Exercise requirements: Using only the entries below, output the lines starting at the one containing "Un chien errant" and ending at the one containing "운송을 넘어 청주공항", exactly and inclusive of both, omitting the pictures.
───
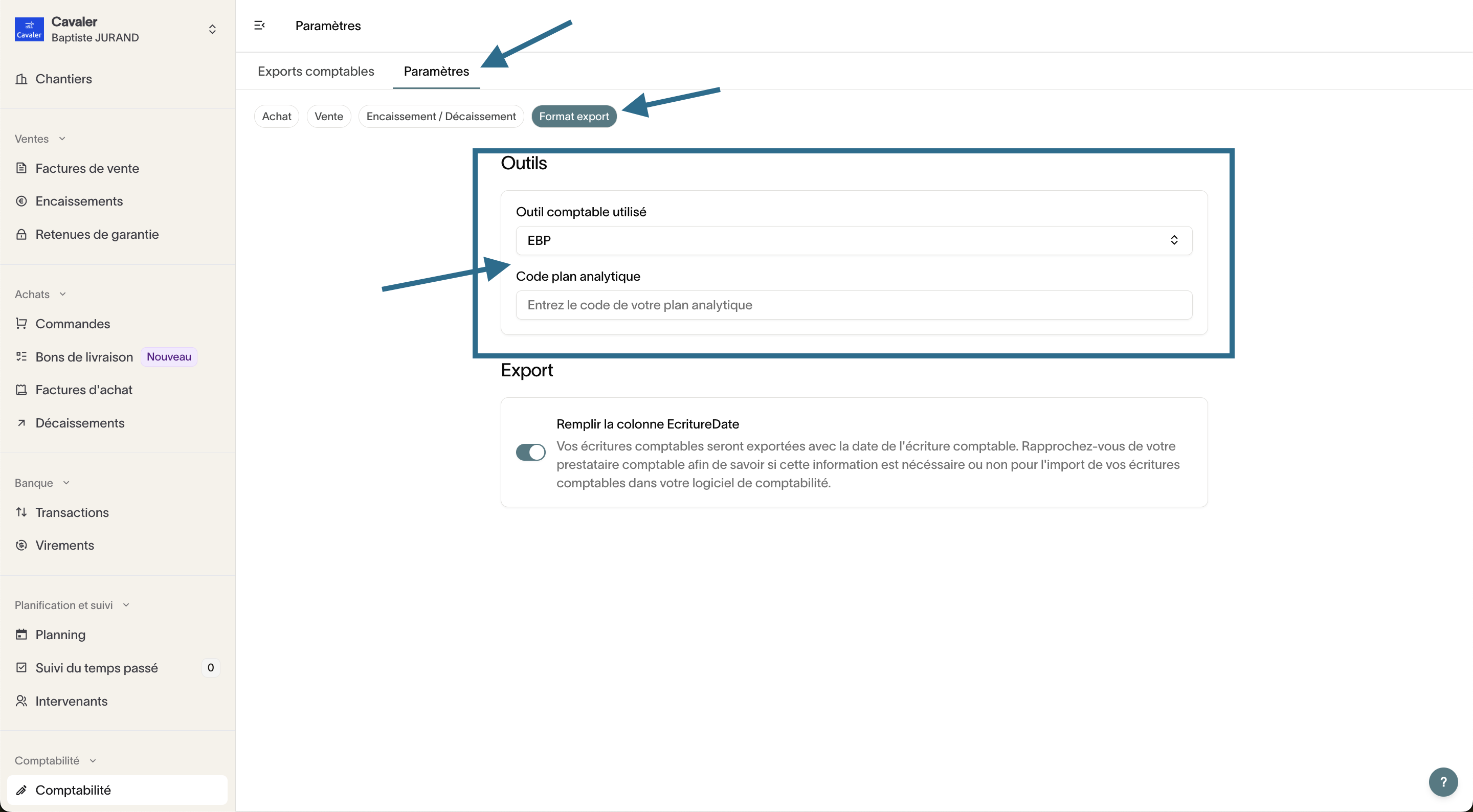 2. Où puis-je faire l’export comptable au format EBP ?
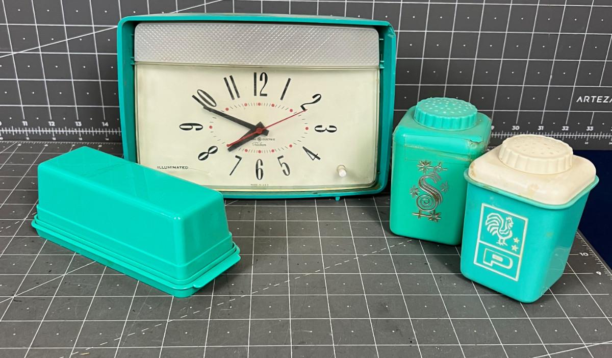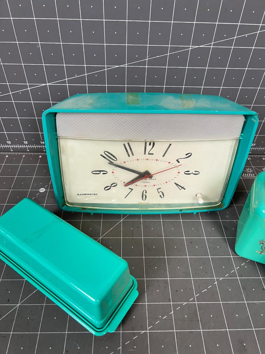 Turquoise Kitchen: Clock, S & P, Butter Dish
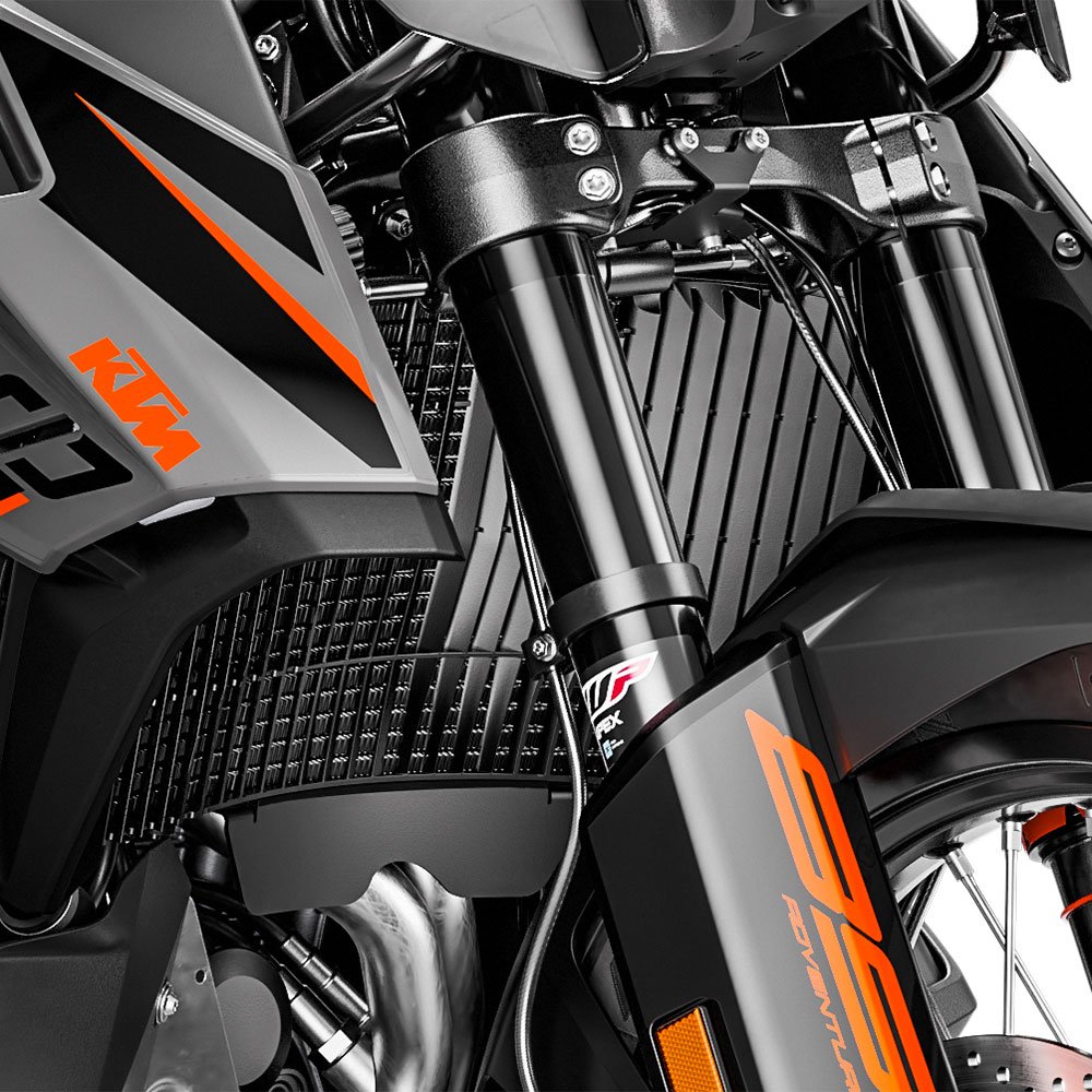 Improved for 2021, the KTM 890 ADVENTURE boasts twin 320 mm diameter brake discs with 4-piston, radially mounted calipers up front, and a 260 mm diameter brake disc actuated by a double-piston floating caliper in the rear providing superior feedback and stopping power. A new stainless steel brake hose on the rear also helps combat brake fade on long downhill sections. The rear brake features new, isolated pistons in the caliper in conjunction with isolation plates between pads and pistons in order to gain more heat stability. In addition, the fitting of the brake hose on the rear caliper is made of stainless steel to reduce heat in the brake hose. |
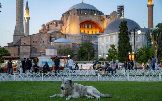 Un chien errant assis devant la Grande Mosquée Hagia, à Istanbul, le 30 mai 2024AFP – Yasin AKGUL
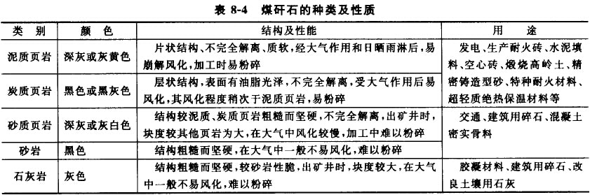 按巖石特性不同,煤殲石可以分為泥質(zhì)頁(yè)巖、炭質(zhì)頁(yè)巖、砂質(zhì)頁(yè)巖、砂巖及石灰?guī)r,性能及用途如表8-4所示。
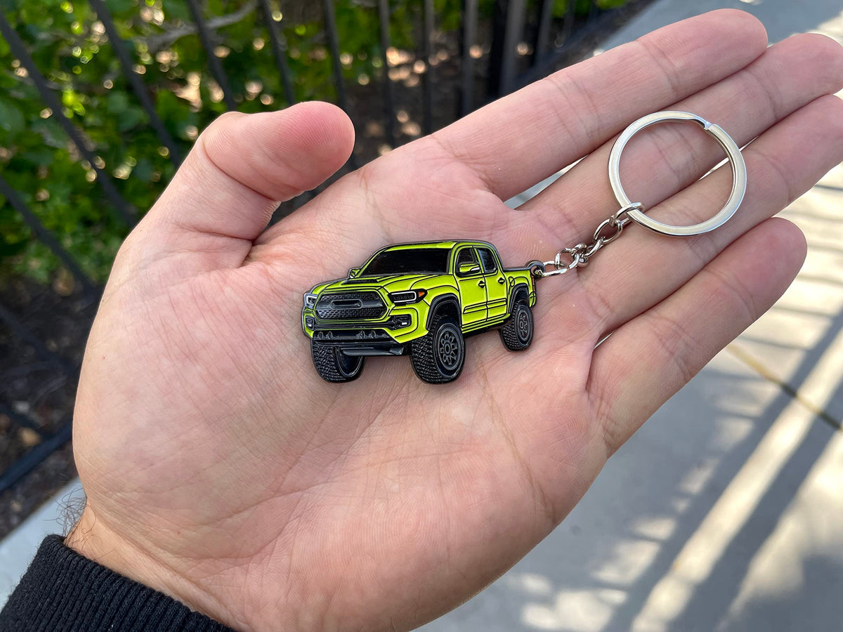 TACOMA ACCESSORIES Our Tacoma keychain is a great addition to your Tacoma acessories - Tacoma mods, Tacoma accessories interior, Tacoma Sticker Tacoma decals. VARIOUS COLORS KEYCHAINS that fit every model color: - Tacoma Quicksand- Tacoma Inferno Red- Tacoma White- Tacoma Army Green- Tacoma Black- Tacoma Magnetic Gray- Silver- Blue- Lunar Rock GREAT SIZE2" x 1.3" and wights less than 1 oz. TACOMA TOY TRUCKThat goes with many tacoma models: PRO, Sport, Off Road, 3rd gen Tacoma, Tacoma 2023, 2022, 2021, 2020, 2019, 2018, 2017, 2016 MATERIAL: metal/enamel. Very sturdy but lightweight. PERFECT GIFTfor any Tacoma truck owner. DETAILED COPYRIGHTED DESIGNby our talented artist.
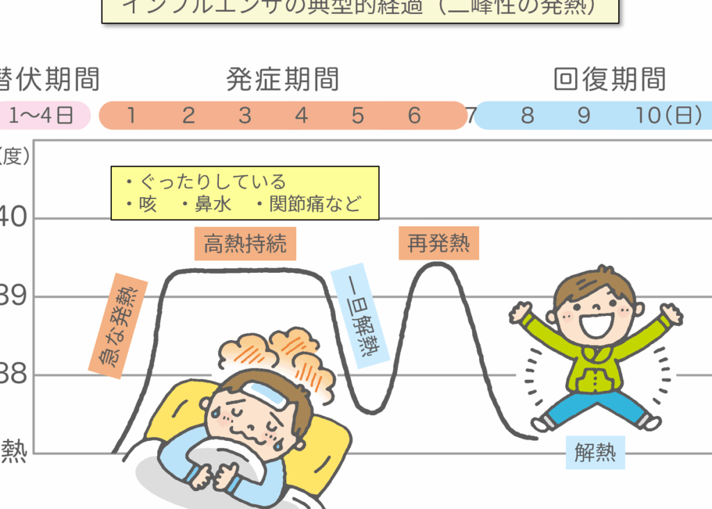 私たちの経験上、インフルエンザによる発熱はしばしば急激に始まり、高温(38℃以上)が数日間続きます。その後、一時的に症状が緩和されることもあれば、再び悪化する場合もあります。具体的には以下のようなパターンがあります:
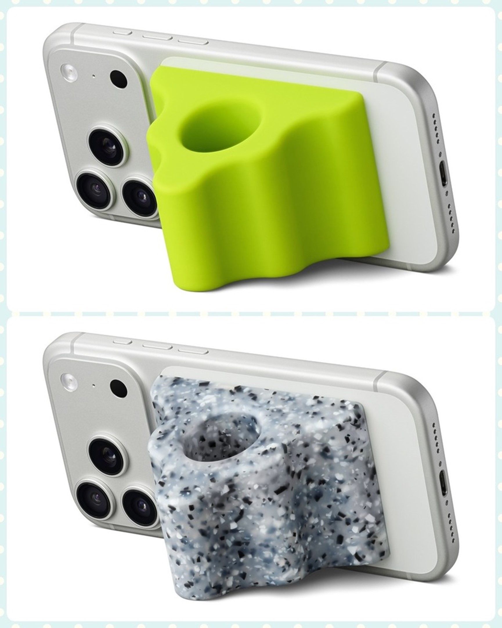 ▲Hikawa Phone Grip & Stand 限量版有仿花崗岩石色及鮮亮青檸色。
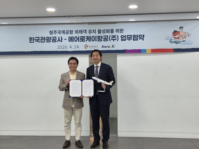 에어로케이항공 관계자는 “이번 협약을 통해 단순 항공 운송을 넘어 청주공항 중심의 지역 관광 생태계를 구축하는 계기가 될 것”이라며 “핵심 노선 외래객 수요를 적극 발굴하고, 중부권 관광의 실질적 체류 및 소비 확대를 이끌겠다”고 말했다.
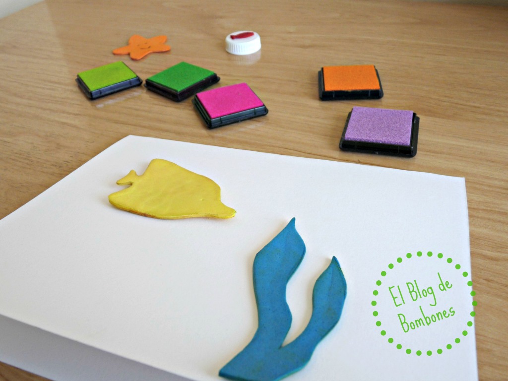 Si os gusta la idea de dar color a vuestros dibujos y no tenéis tintas de colores, que puede ser, podéis usar también pintura para dedos. Lo único a tener en cuenta en este caso, es que los detalles que habréis dibujado en vuestros peces, no se van a distinguir tan bien como si usaseis tinta. Yo trabajaría sólo con las siluetas de los peces, o los cubriría con una capa muy, muy finita de pintura antes de estampar. Cuestión de probar. ¡Y recordad siempre que las manualidades nunca salen mal!
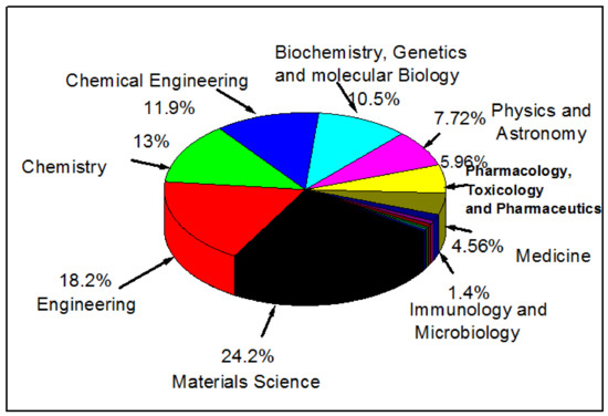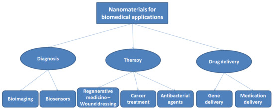 The above consideration is supported by the following analysis that we have carried out using data from Scopus for published articles dealing with the design of nanomaterials. This analysis has demonstrated a low percentage (about 12.5%) of publications relating to the applications of nanotechnology specifically in biomedical and biological engineering areas (Figure 1) as compared to other fields. Therefore, the current review article is aimed at supplementing this small body of work as well as filling the gap of a lack of analysis on recent trends and advances in nanotechnology for biomedical applications, including, but not limited to, tissue regeneration, medication delivery and wound healing. It should be noted that this review only covers non-biological materials for biomedical applications. To focus the discussion in the paper, we do not consider semimetals (or metalloids) and lanthanides that are used for medical applications sometimes.
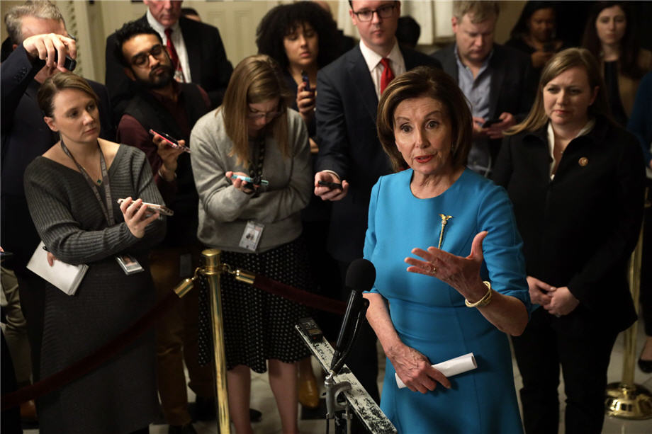 Chủ Tịch Hạ Viện Nancy Pelosi (Dân Chủ-California) họp báo tại Hạ Viện. (Hình: Alex Wong/Getty Images)
───
Result of this task:
 Un chien errant assis devant la Grande Mosquée Hagia, à Istanbul, le 30 mai 2024AFP – Yasin AKGUL
 按巖石特性不同,煤殲石可以分為泥質(zhì)頁(yè)巖、炭質(zhì)頁(yè)巖、砂質(zhì)頁(yè)巖、砂巖及石灰?guī)r,性能及用途如表8-4所示。
 TACOMA ACCESSORIES Our Tacoma keychain is a great addition to your Tacoma acessories - Tacoma mods, Tacoma accessories interior, Tacoma Sticker Tacoma decals. VARIOUS COLORS KEYCHAINS that fit every model color: - Tacoma Quicksand- Tacoma Inferno Red- Tacoma White- Tacoma Army Green- Tacoma Black- Tacoma Magnetic Gray- Silver- Blue- Lunar Rock GREAT SIZE2" x 1.3" and wights less than 1 oz. TACOMA TOY TRUCKThat goes with many tacoma models: PRO, Sport, Off Road, 3rd gen Tacoma, Tacoma 2023, 2022, 2021, 2020, 2019, 2018, 2017, 2016 MATERIAL: metal/enamel. Very sturdy but lightweight. PERFECT GIFTfor any Tacoma truck owner. DETAILED COPYRIGHTED DESIGNby our talented artist.
 私たちの経験上、インフルエンザによる発熱はしばしば急激に始まり、高温(38℃以上)が数日間続きます。その後、一時的に症状が緩和されることもあれば、再び悪化する場合もあります。具体的には以下のようなパターンがあります:
 ▲Hikawa Phone Grip & Stand 限量版有仿花崗岩石色及鮮亮青檸色。
 에어로케이항공 관계자는 “이번 협약을 통해 단순 항공 운송을 넘어 청주공항 중심의 지역 관광 생태계를 구축하는 계기가 될 것”이라며 “핵심 노선 외래객 수요를 적극 발굴하고, 중부권 관광의 실질적 체류 및 소비 확대를 이끌겠다”고 말했다.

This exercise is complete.